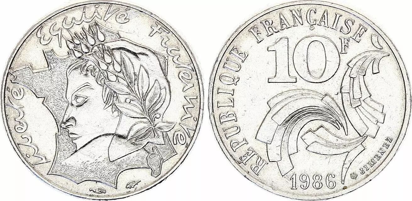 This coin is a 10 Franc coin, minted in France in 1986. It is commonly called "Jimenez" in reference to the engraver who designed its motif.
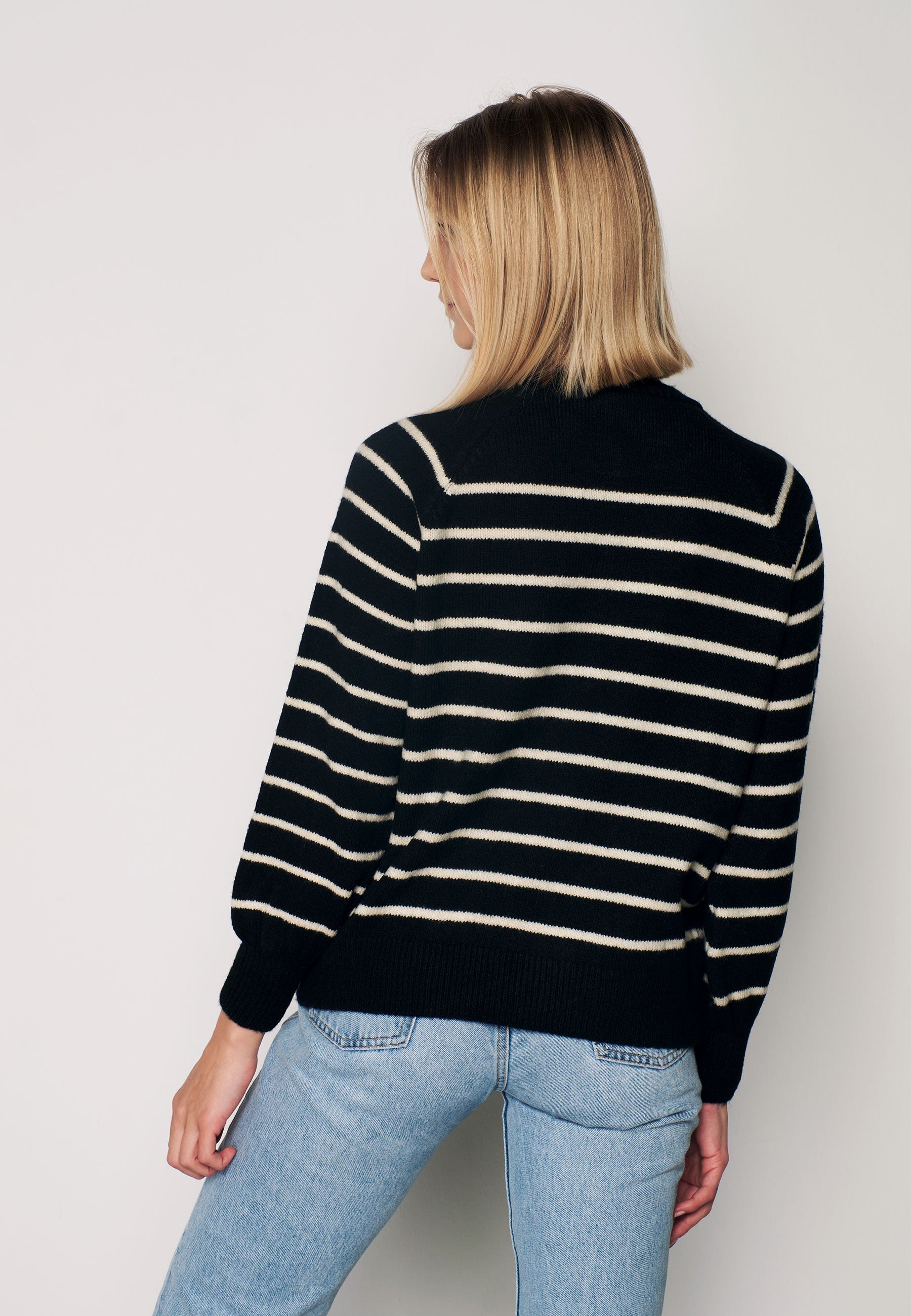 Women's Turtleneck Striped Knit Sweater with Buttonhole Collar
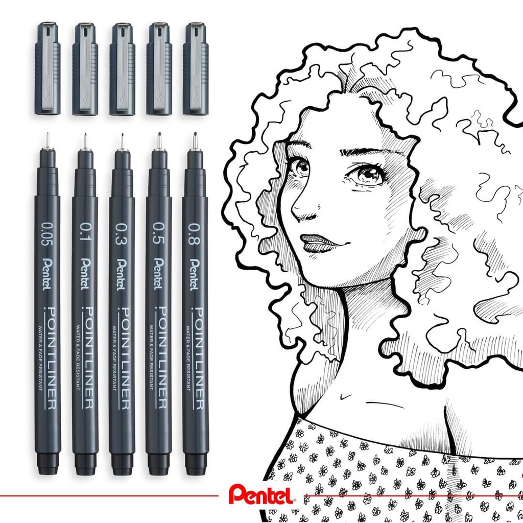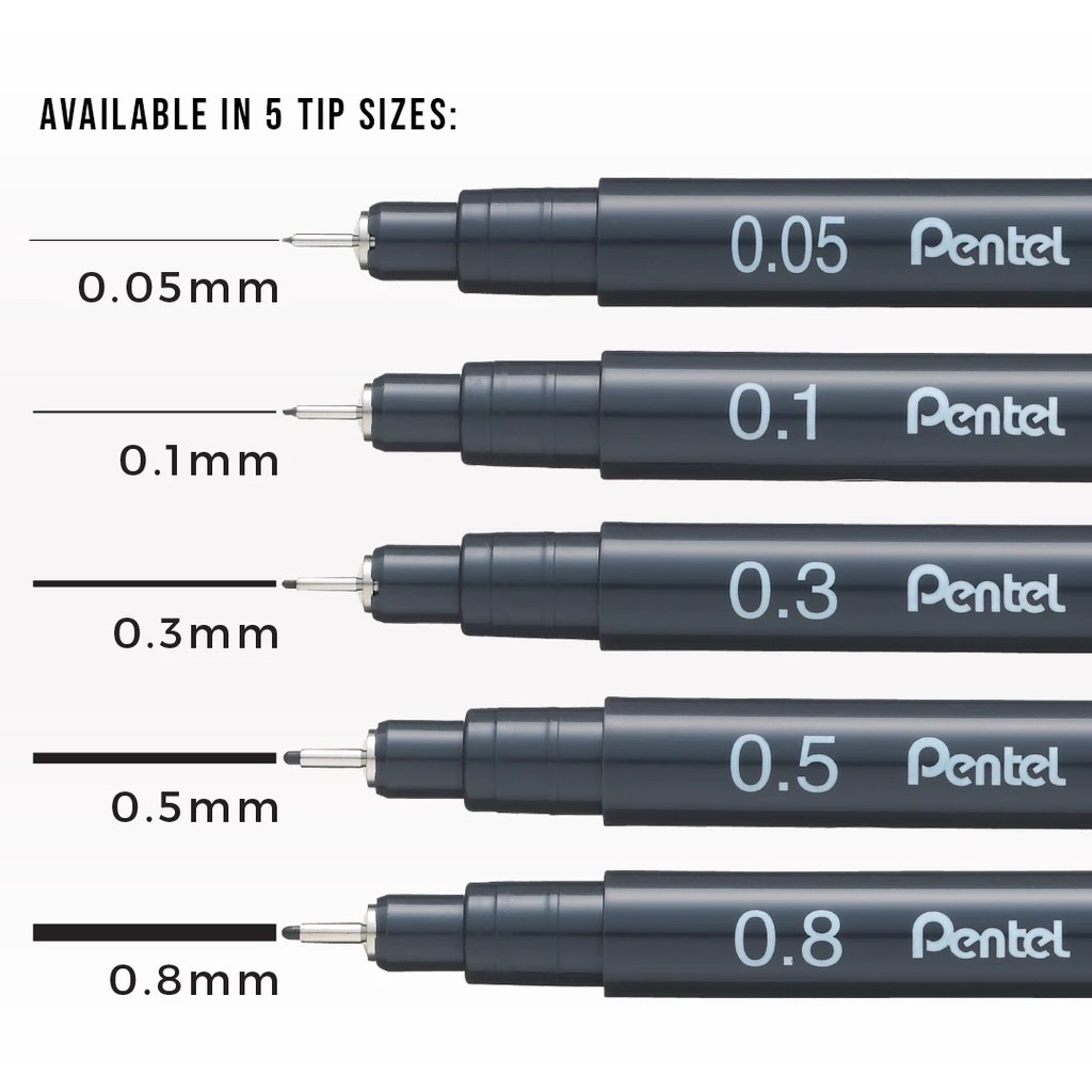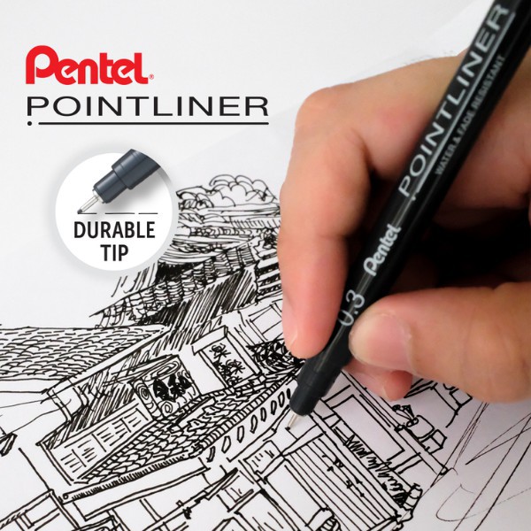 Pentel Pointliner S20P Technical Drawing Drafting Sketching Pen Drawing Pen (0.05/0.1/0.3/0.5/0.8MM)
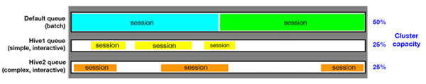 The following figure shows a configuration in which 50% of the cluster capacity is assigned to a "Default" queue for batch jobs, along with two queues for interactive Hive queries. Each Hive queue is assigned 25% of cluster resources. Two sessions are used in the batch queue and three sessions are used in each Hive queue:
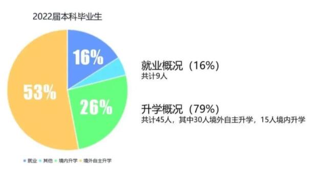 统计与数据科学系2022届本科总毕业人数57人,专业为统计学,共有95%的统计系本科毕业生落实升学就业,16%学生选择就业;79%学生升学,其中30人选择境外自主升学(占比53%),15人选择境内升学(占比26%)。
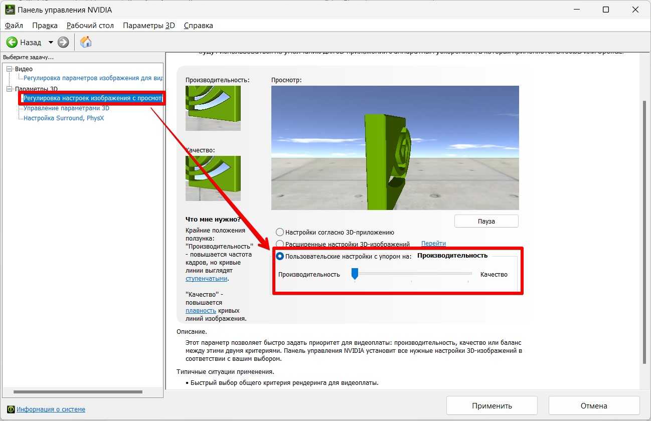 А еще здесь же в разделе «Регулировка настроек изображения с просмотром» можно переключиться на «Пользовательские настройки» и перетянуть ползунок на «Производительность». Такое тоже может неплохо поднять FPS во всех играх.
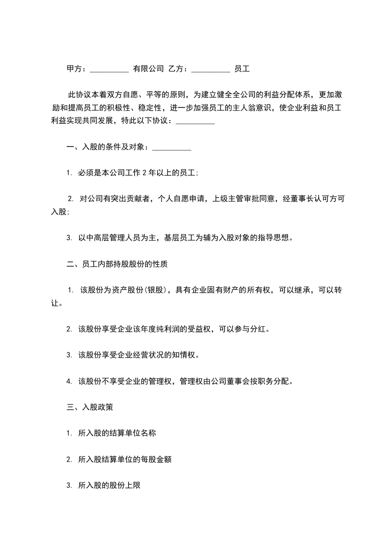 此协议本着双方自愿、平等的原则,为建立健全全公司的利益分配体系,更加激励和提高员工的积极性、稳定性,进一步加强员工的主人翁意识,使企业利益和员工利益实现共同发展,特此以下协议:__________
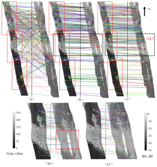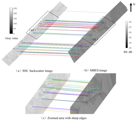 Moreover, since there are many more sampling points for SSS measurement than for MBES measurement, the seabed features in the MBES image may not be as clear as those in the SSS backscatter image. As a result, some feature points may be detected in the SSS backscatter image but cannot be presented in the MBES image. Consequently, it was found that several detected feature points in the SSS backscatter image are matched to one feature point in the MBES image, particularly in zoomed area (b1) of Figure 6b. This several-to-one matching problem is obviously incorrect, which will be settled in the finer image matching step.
· · · · ·
All pictures are to be skipped; the lines from the first line of the records through the line containing "Pentel Pointliner S20P" are to be repeated exactly, both ends included.

 This coin is a 10 Franc coin, minted in France in 1986. It is commonly called "Jimenez" in reference to the engraver who designed its motif.
 Women's Turtleneck Striped Knit Sweater with Buttonhole Collar
 Pentel Pointliner S20P Technical Drawing Drafting Sketching Pen Drawing Pen (0.05/0.1/0.3/0.5/0.8MM)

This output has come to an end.